SANTA BARBARA, Calif. - The upbeat reaction about the hastily created downtown Santa Barbara promenade is part of the reason it will be around for at least the mid part of 2021, and likely beyond.
The design has fallen under a set of guidelines that have been evolving.
The idea came as a response to the economic crash when the COVID-19 pandemic hit. But the promenade never went through the intense scrutiny for which Santa Barbara is known.
The city has been lenient and supportive at the same time when it comes to parklets, patios, lightings, landscaping, structural designs, colors and use of space. Restaurants have mainly been the users.
Retail has chosen to stay within existing walls, and not go out in the streets except in a few locations where some racks might be along the sidewalk. Recently some retail owners have also participated in the street marketplace which is on the calendar on Thursday nights until December 17.
The city began allowing the outside dining area, and other features of the promenade in May. The next 'checkpoint' on how it is working out is later this month. It will be evaluated again in March.
Longer ranging block-by-block designs are also under review. They are featured in a presentation posted on the corner of State Street at Canon Perdido.
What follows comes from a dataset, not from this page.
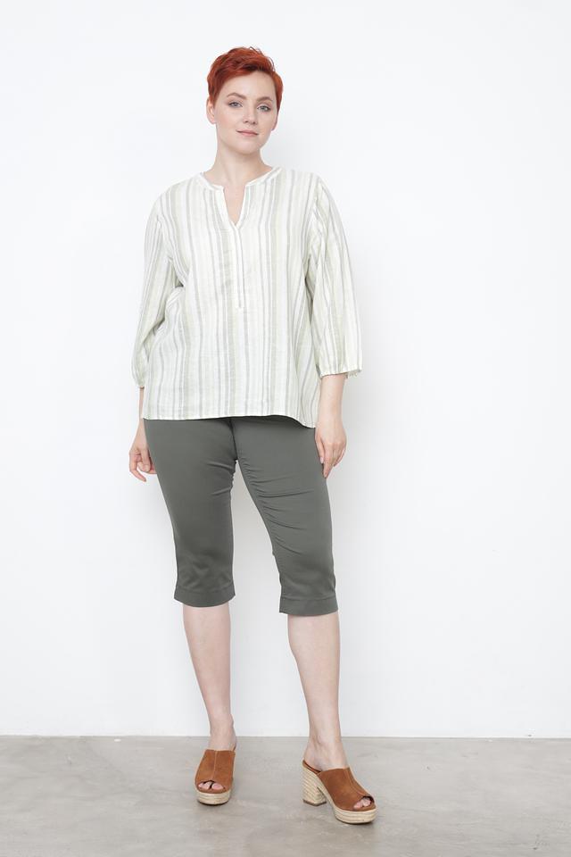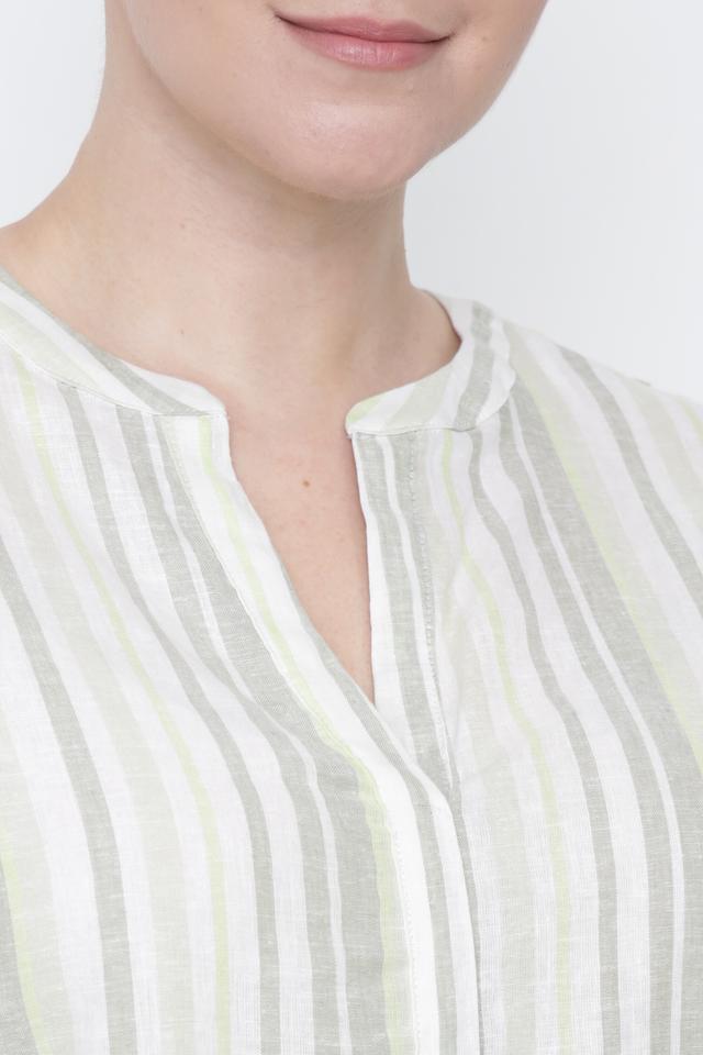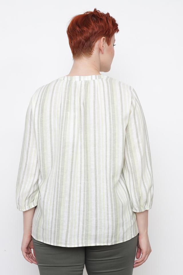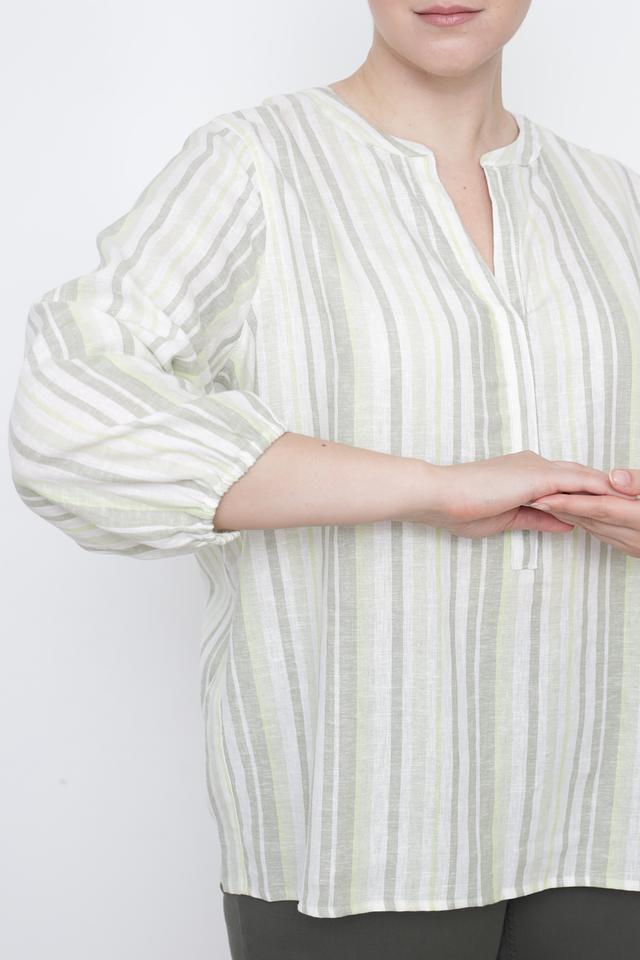 Бежевая блуза Gerry Weber с полосатым принтом и V-образным вырезом. Модель выполнена из лёгкой ткани на основе льна и вискозы, что обеспечивает комфорт в жаркую погоду. Блуза станет отличным дополнением к вашему летнему гардеробу. Состав: лен 55%, вискоза 45%

It is a collaborative effort with the American Institute of Architects (AIA).
Santa Barbara Downtown Organization Director Robin Elander says, "there's a lot of good collaboration and people are pushing the envelope in terms of what's possible."
The emergency ordinance has given businesses a chance to try concepts in a real-life experience. Normally presentations would come in with examples and data from other cities.
Elander said, "the emergency allowed for some possibilities. A different way of seeing some things so it can be tested out and see the benefit that we found with outdoor dining."
In the next month the public is going to be asked for comments on the promenade future, to look at ideas such as new housing, shopping and entertainment combinations and get their suggestions to decision makers.
Ultimately Elander says it would help, "to build a visioning statement as to what the future of downtown can look like. They are developing a survey that the community can tell us what is important to see."
For now, Elander says if you want to help local businesses get through the pandemic one idea is, "buying gift cards now that last you a maybe few months."
For those who are shopping, she says, "you can purchase things on line or pick them up in person so it is a really great way to stay safe if you want to and shop from home," said Elander.
Tuesday the holiday tree will be lifted into place on State and Victoria streets. It will be covered in white lights and lit up this week.
The annual holiday parade will not be taking place this year. It would have been held Friday night and draw thousands of people.